Available data ::
BEGIN

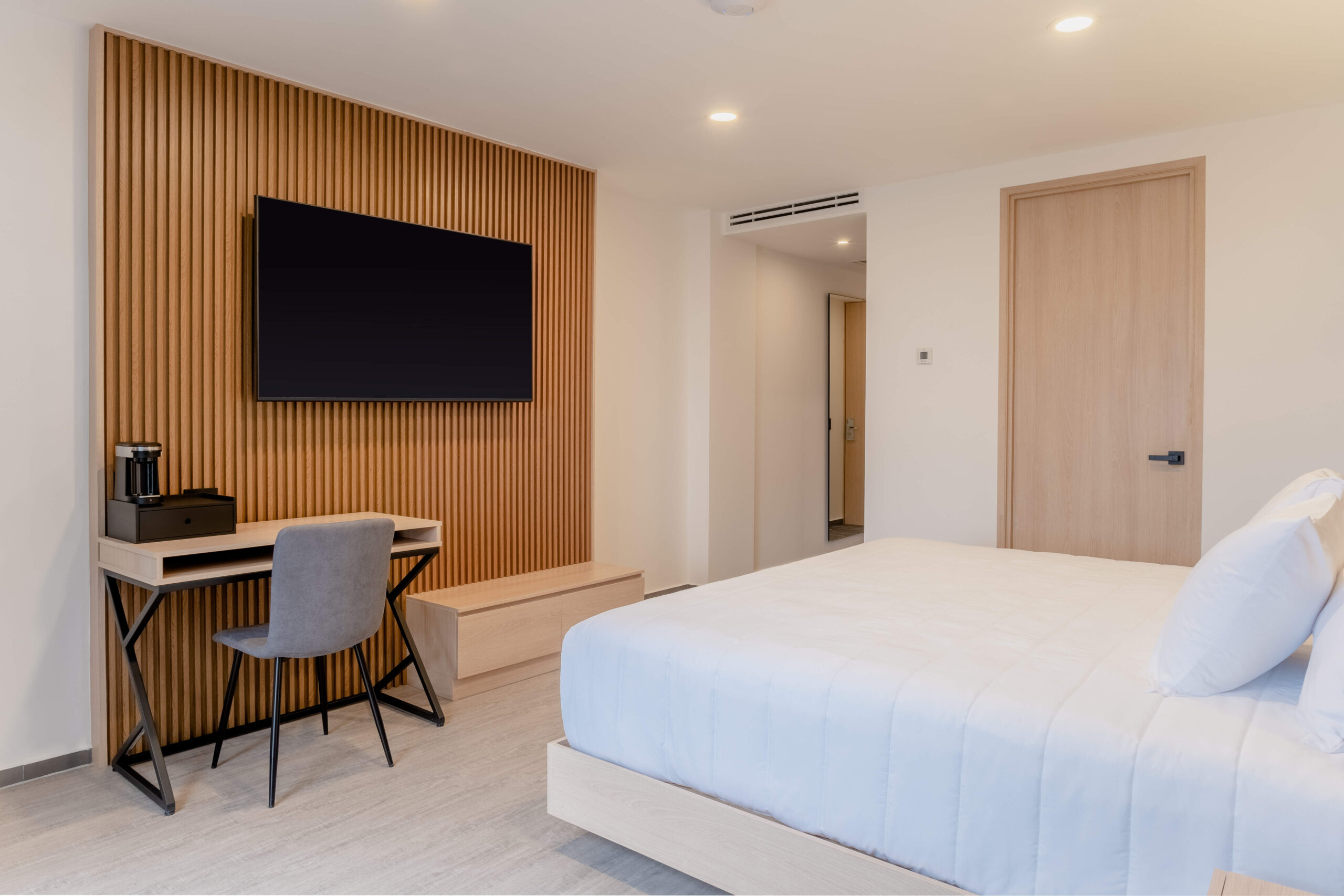 Nada de trajes de baño en el lobby ni mascotas correteando: un entorno serio, sobrio y centrado en tu productividad.
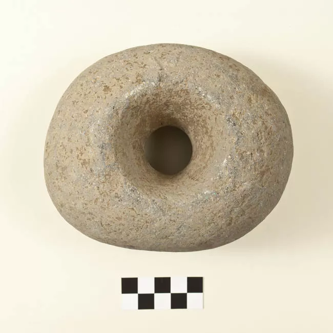 Instrumento lítico de forma ovalada irregular y sección semiplana con ...
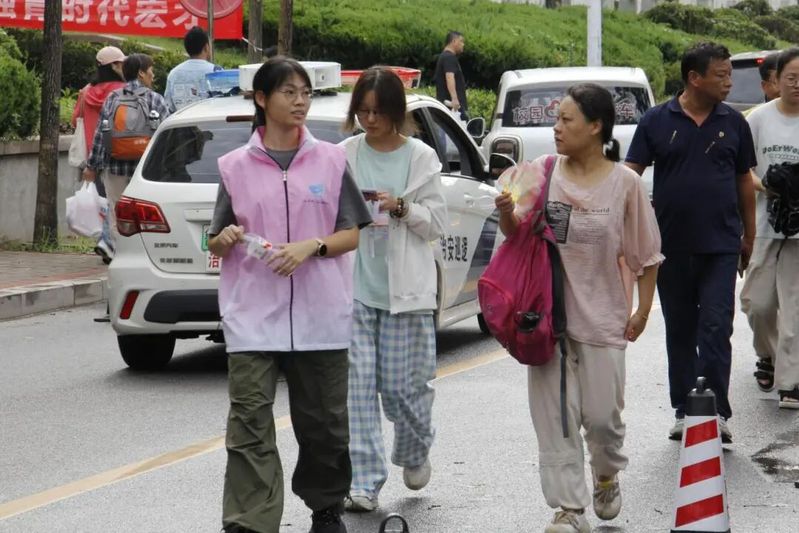 校园内指示清晰,志愿者穿梭忙碌。从帮忙搬运行李到引导注册,“一站式”的便捷服务化解着新生的忐忑。家长休息区内,工作人员耐心沟通、真诚解答,滴滴雨水映衬着每一张笑脸,也让这场相遇充满了家的温度。

END

Aim of the exercise ::
Everything in the listing above must be retyped exactly, except for the pictures.

Task solution ::
 Nada de trajes de baño en el lobby ni mascotas correteando: un entorno serio, sobrio y centrado en tu productividad.
 Instrumento lítico de forma ovalada irregular y sección semiplana con ...
 校园内指示清晰,志愿者穿梭忙碌。从帮忙搬运行李到引导注册,“一站式”的便捷服务化解着新生的忐忑。家长休息区内,工作人员耐心沟通、真诚解答,滴滴雨水映衬着每一张笑脸,也让这场相遇充满了家的温度。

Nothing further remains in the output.